Однако, если блюстители общественного порядка и нравственности результатами нового метода остались вполне довольны, то инженер Лыков продолжал нервничать. Осматривая третье ведро с содержимым Тишкиного чрева, он не находил в нем того, ради чего принимал на себя такие страдания.
– Я требую продолжения процедур, – заявил он.
– До утра больше нельзя, – возразила усатая медсестра, сворачивая длинный резиновый шланг, – Бесполезно. Все равно ничего не выйдет.
– Нет, я требую, – настаивал инженер.
– Гражданин, вам же сказали нельзя, – благодушно произнес дежурный офицер, подкалывая Тишкины признания к протоколу задержания, – И к тому же бесполезно. И к тому же посторонним тут не место. И к тому же… идите отдыхать. До свиданья, гражданин Лыков.
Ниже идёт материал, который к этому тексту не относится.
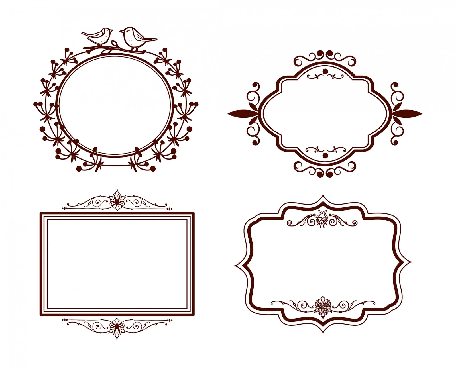 This comprehensive collection features 32 exquisitely crafted ornate decorative frames showcasing a diverse range of classical and baroque-inspired patterns. The design sheet displays frames in various shapes including circular, oval, rectangular, square, and ornamental shield forms. Each frame exhibits intricate detailing with flowing scrollwork, floral motifs, geometric borders, and elegant filigree patterns. The designs range from delicate lace-like borders to bold architectural elements, featuring symmetrical compositions that demonstrate masterful attention to detail. These frames incorporate classic design elements such as acanthus leaves, rosettes, decorative corners, and ornamental flourishes that exemplify timeless elegance and sophisticated craftsmanship.

Если что будет, не волнуйтесь, мы подберем. Теперь он от нас никуда не денется, – и, обращаясь уже к Тишке, погрозил коротким волосатым пальцем, – Что бы к утру яйцо снес, петух, мать твою…
* * *
До утра Тишку определили под постоянное наблюдение в «аквариум» или «обезьянник», угол комнаты, специально отгороженный решеткой от дежурного, куда помещают свежезадержанных мелких правонарушителей. Дабы втихую он ничего не смог учинить, его руки сковали наручниками. На случай острой надобности в углу поместили приемистую парашу.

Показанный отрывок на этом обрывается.